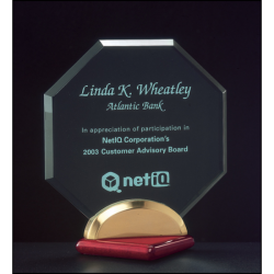 Octagon Series 3/8" thick acrylic award on a rosewood stained piano finish base with gold metal accents .This award comes with your special message. Ideal as recognition awards to pu..
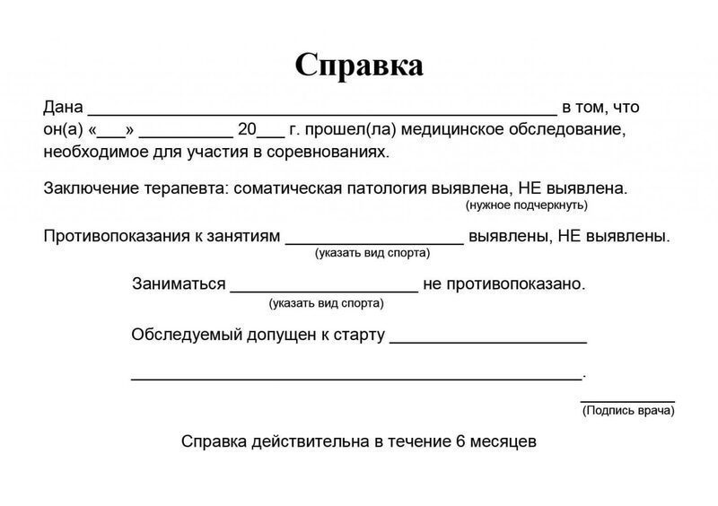 Получить справку для соревнований можно в государственном или частном медицинском центре, физкультурном диспансере, но у этих организаций обязательно должна быть лицензия на оказание услуг. Допуск можно выписать на бланке произвольной формы, но в нем обязательно указывают следующую информацию:
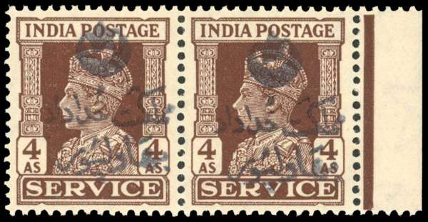 Bahawalpur 1947 4a Service rubber handstamp in black pair mint
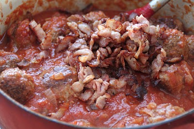 Ha kjøttbollene i tomatsausen etter hvert som de blir ferdige ( de trenger ikke være gjennomstekt da de koker videre i sausen). Etter du har stekt alle kjøttbollen, hell litt vann (eller gjerne vin) i stekepannen for å få med alle godbitene som har samlet seg der. Hell opp i tomatsausen. Ha bacon opp i også og rør alt forsiktig sammen. Smak til med salt og pepper. Sett på lokk og la det putre en 15 minutters tid. I mellomtiden kan du rydde opp, dekke bord og koke spaghetti. Bruk gjerne fullkorn spaghetti, gjerne fra Barilla eller en annen god italiensk produsent. Server med nyrevet parmesan ost og litt nykvernet pepper. Skal du spise spaghetti som en italiener er det kun lov å bruke gaffel… Buon appetito!
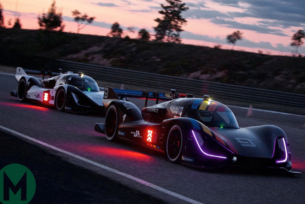 The electric racers, both based on a Ginetta LMP1 chassis, duelled at dusk on the Monteblanco circuit on Spain in the first of several test competitions that are intended to lead to a full international campaign in 2021.
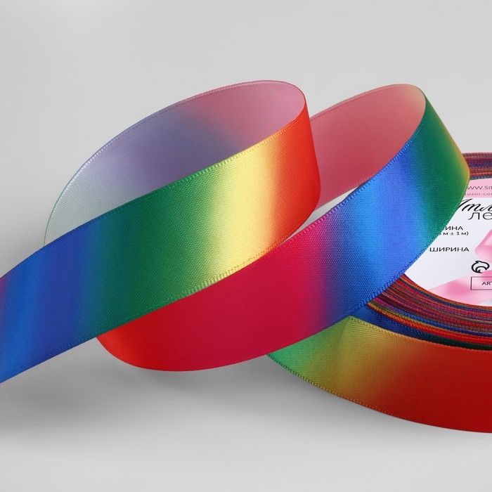 Лента атласная «Радуга», 25 мм × 18 ± 1 м, разноцветная
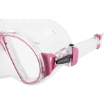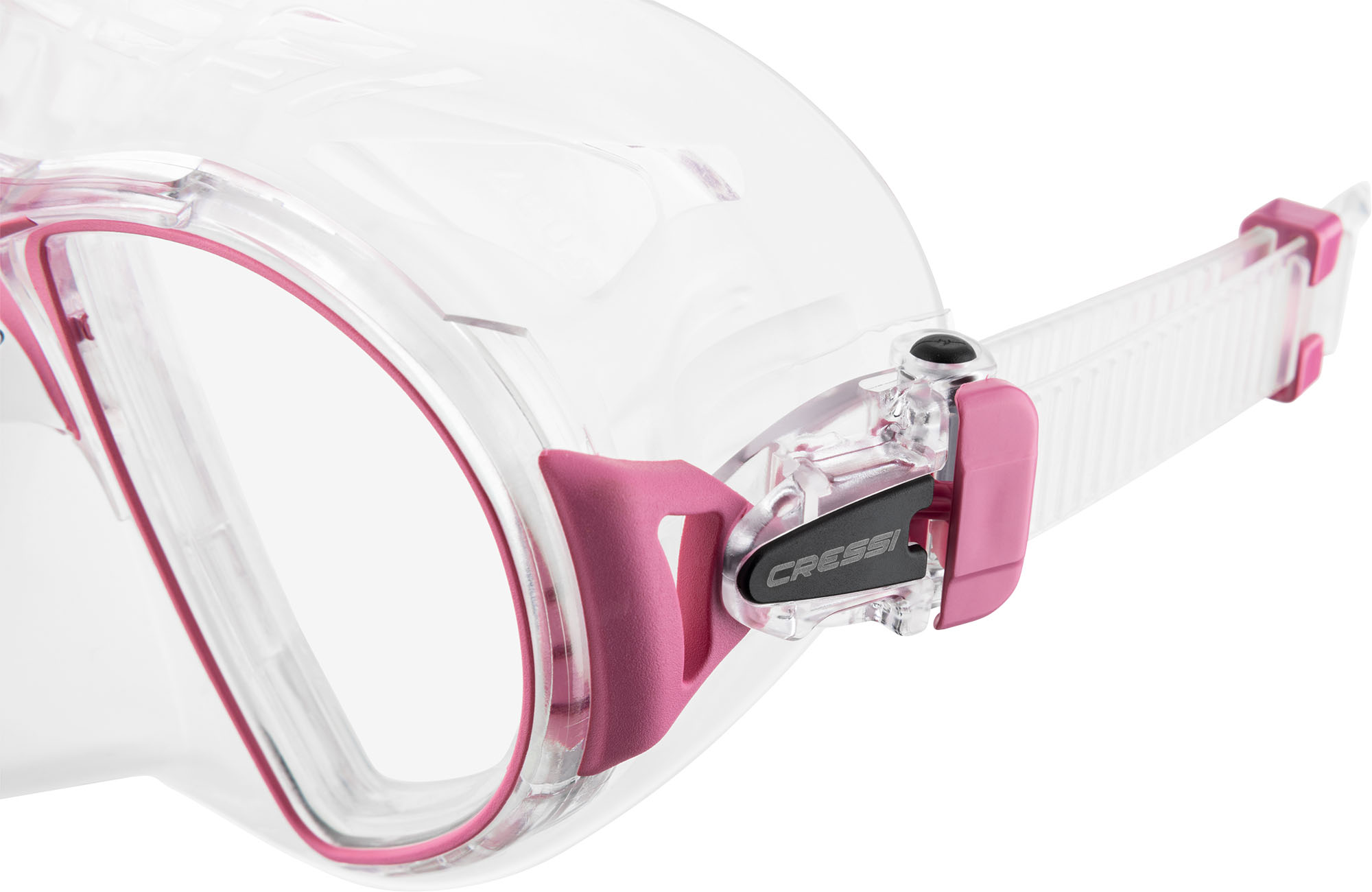 – A patented membrane surrounding the inner nose pocket which acts as a barrier and traps any moisture escaping from the diver’s nose involuntarily when breathing through the mouth. the result is that not only is the moisture channeled away from the lenses, thus avoiding the fogging up of them, but it also reduces the need to compensate for pressure. to further improve the anti-fog effect, cressi suggests, the first times that the dive mask is used, to spray some anti-fog solution or to apply some saliva on the inside of the lenses and then to rinse them with water.
-*-
→ **Assigned task**
To answer, repeat exactly the lines from the line containing "The electric racers, both" through the last line of the data above, leaving out all pictures.

→ **Solution for this task**
 The electric racers, both based on a Ginetta LMP1 chassis, duelled at dusk on the Monteblanco circuit on Spain in the first of several test competitions that are intended to lead to a full international campaign in 2021.
 Лента атласная «Радуга», 25 мм × 18 ± 1 м, разноцветная
 – A patented membrane surrounding the inner nose pocket which acts as a barrier and traps any moisture escaping from the diver’s nose involuntarily when breathing through the mouth. the result is that not only is the moisture channeled away from the lenses, thus avoiding the fogging up of them, but it also reduces the need to compensate for pressure. to further improve the anti-fog effect, cressi suggests, the first times that the dive mask is used, to spray some anti-fog solution or to apply some saliva on the inside of the lenses and then to rinse them with water.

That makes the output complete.